First, Swartz moved the necessary pieces into place. His father-in-law purchased Easy Organic Cookery, Inc., a public shell company, and renamed it New York Sub Company. Then, in late February, Focus Acquisitions and Focus Franchising LLC, the two Delaware entities, executed an agreement with Focus Florida. Under the agreement, the Delaware franchising company transferred the Asset to the Florida company in exchange for all of the Florida company's stock. This gave Focus Florida the Asset.
Next, in May 2015, Swartz tried to put these two pieces together, executing another reverse merger using the public shell company his father-in-law had bought up for this purpose. This time, Focus Acquisitions contributed Focus Florida to the public shell company in exchange for the latter company's stock. According to SEC filings and other documents filed in connection with this transaction, Focus Florida owned the Jreck franchise contract rights, the newly public New York Sub Company owned Focus Florida, and Focus Acquisitions owned all of New York Sub Company's stock. Ownership of Focus Acquisitions remained split roughly 70/30 between the Swartz Family Trust and Orienta.

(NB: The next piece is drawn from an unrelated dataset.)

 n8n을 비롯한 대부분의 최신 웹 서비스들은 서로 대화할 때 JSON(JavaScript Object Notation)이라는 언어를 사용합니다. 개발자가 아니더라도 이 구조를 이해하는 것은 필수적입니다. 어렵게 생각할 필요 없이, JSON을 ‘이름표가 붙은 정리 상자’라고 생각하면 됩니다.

Orienta and the Government disagree about whether Orienta's principal(s) knew about, permitted, and/or authorized some or all of this last-ditch maneuvering by Swartz. But in any event it was unsuccessful:
*209the Government's criminal prosecution prevented any publicly traded shares in New York Sub Company from being sold. And after defendant entered his guilty plea, Focus Acquisitions and New York Sub Company unwound the public offering.

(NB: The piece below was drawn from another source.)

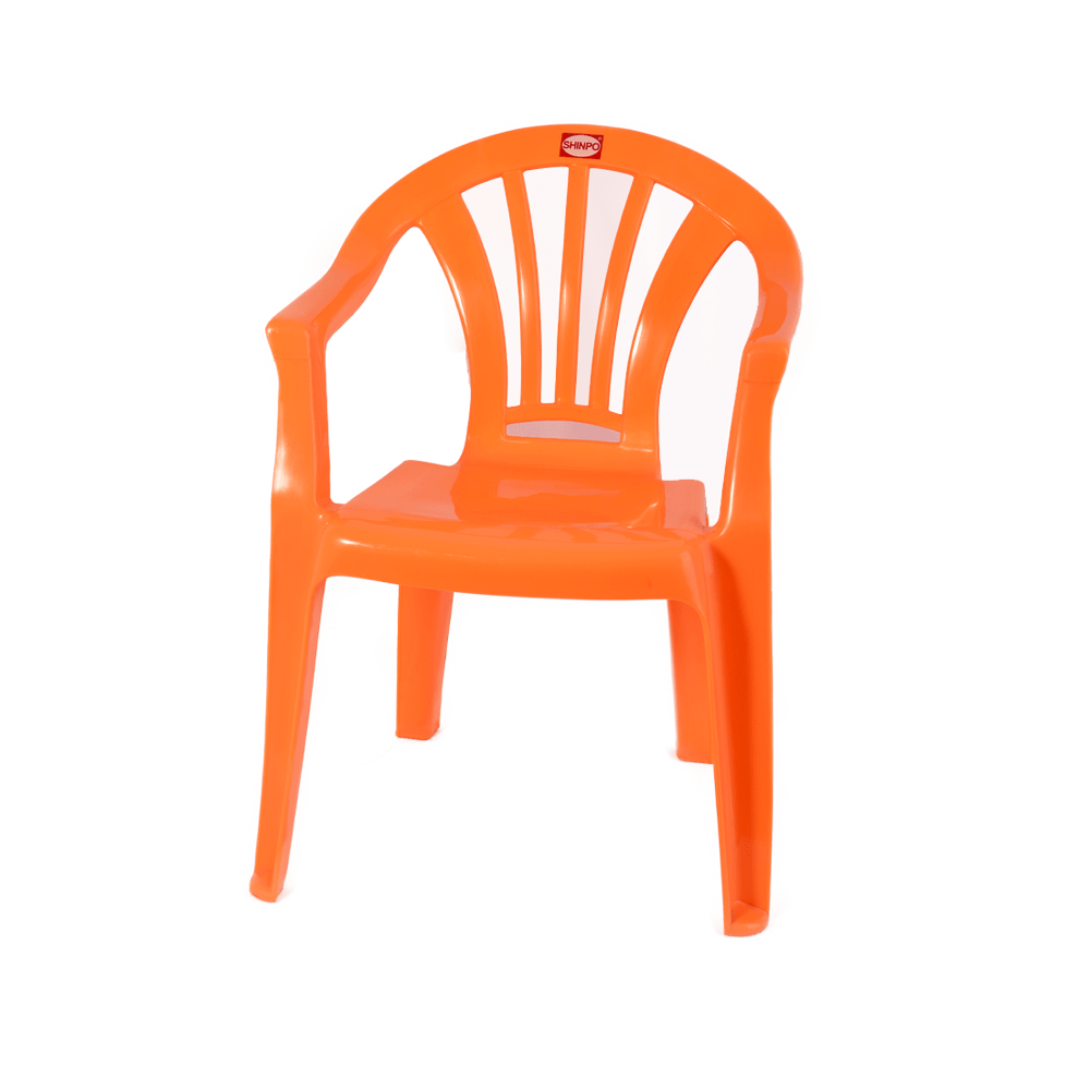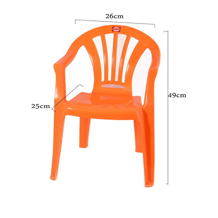 كرسي اطفال بلاستيك برتقالي بذراعين

On May 3, 2017, U.S. Magistrate Judge Andrew T. Baxter authorized the Government, through the U.S. Marshals Service ("USMS"), to continue operating the Asset in receivership during the pendency of these proceedings.
III. LEGAL STANDARD
Property that constitutes or is derived from proceeds traceable to wire fraud is subject to criminal forfeiture. See 18 U.S.C. § 981(a)(1)(C) (subjecting to civil forfeiture any property traceable to an offense constituting "specified unlawful activity"); § 1956(c)(7) (defining "specified unlawful activity" to include offenses listed in § 1961(1)); § 1961(1)(b) (listing wire fraud among those offenses); see also 28 U.S.C. § 2461(c) (providing that property subject to civil forfeiture based on a violation of federal law is also subject to criminal forfeiture in a federal criminal proceeding); United States v. Schlesinger , 396 F. Supp. 2d 267 (E.D.N.Y. 2005) (Spatt, J.) (tracing same statutory provisions and reaching same conclusion).

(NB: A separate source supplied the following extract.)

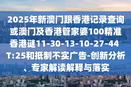 2025年新澳門跟香港記錄查詢或澳門及香港管家婆100精準香港謎11-30-13-10-27-44 T:25和抵制不實廣告-創新分析、專家解讀解釋與落實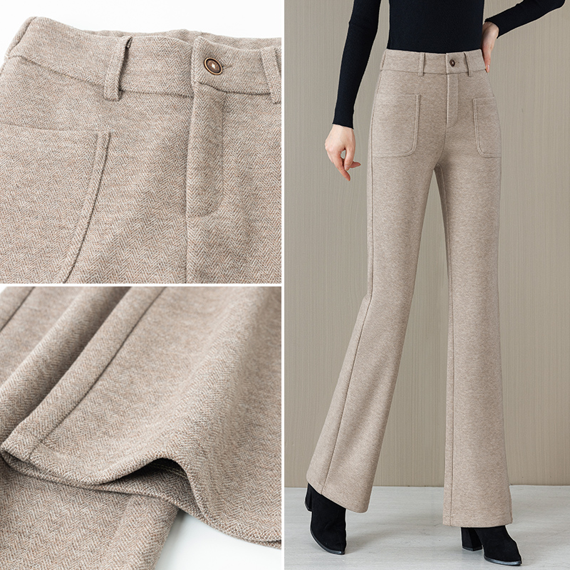 女士 高腰气质显瘦宽松垂感休闲阔腿长裤 毛呢微喇裤 女2025秋冬新款

" Section 853 and Federal Rule of Criminal Procedure 32.2 create a two-stage procedural framework for completing a forfeiture." United States v. Wolf , 375 F. Supp. 3d 428, 435 (S.D.N.Y. 2019). First, the court must "adjudicate the government's interest vis-a-vis the defendant 'without regard to any third party's interest in the property.' " United States v. Daugerdas , 892 F.3d 545, 549 (2d Cir. 2018) (quoting Criminal Rule 32.2(b)(2)(A) ); see also 21 U.S.C. § 853(k) (prohibiting third parties from intervening in the initial forfeiture proceedings of a criminal matter).
Second, "before entering a final order of forfeiture, the court [must] resolve[ ] any third-party petitioner's interests vis-a-vis the defendant." Daugerdas , 892 F.3d at 549 (quoting 21 U.S.C. § 853(n)(6)(A) ). At this second step, "any person, other than the defendant, asserting a legal interest in property which has been ordered forfeited to the United States pursuant to this section may ... petition the court for a hearing to adjudicate the validity of his alleged interest in the property." 21 U.S.C. § 853(n) ; see also United States v. Chowaiki , 369 F. Supp. 3d 565, 572 (S.D.N.Y. 2019) ("Third parties claiming an interest in forfeited property may file petitions requesting a hearing.").
The filing of a § 853(n) petition by a third-party claimant initiates an ancillary proceeding that "closely resembles a civil action." Pacheco v. Serendensky , 393 F.3d 348, 352 (2d Cir. 2004). The petition, which is sworn and must be signed by the petitioner, must also "set forth the nature and circumstances of the petitioner's acquisition of the right, title, or interest in the property, the time and circumstances of the petitioner's acquisition of the right, title, or interest in the property, any additional facts supporting the petitioner's claim, and the relief sought." § 853(n)(3).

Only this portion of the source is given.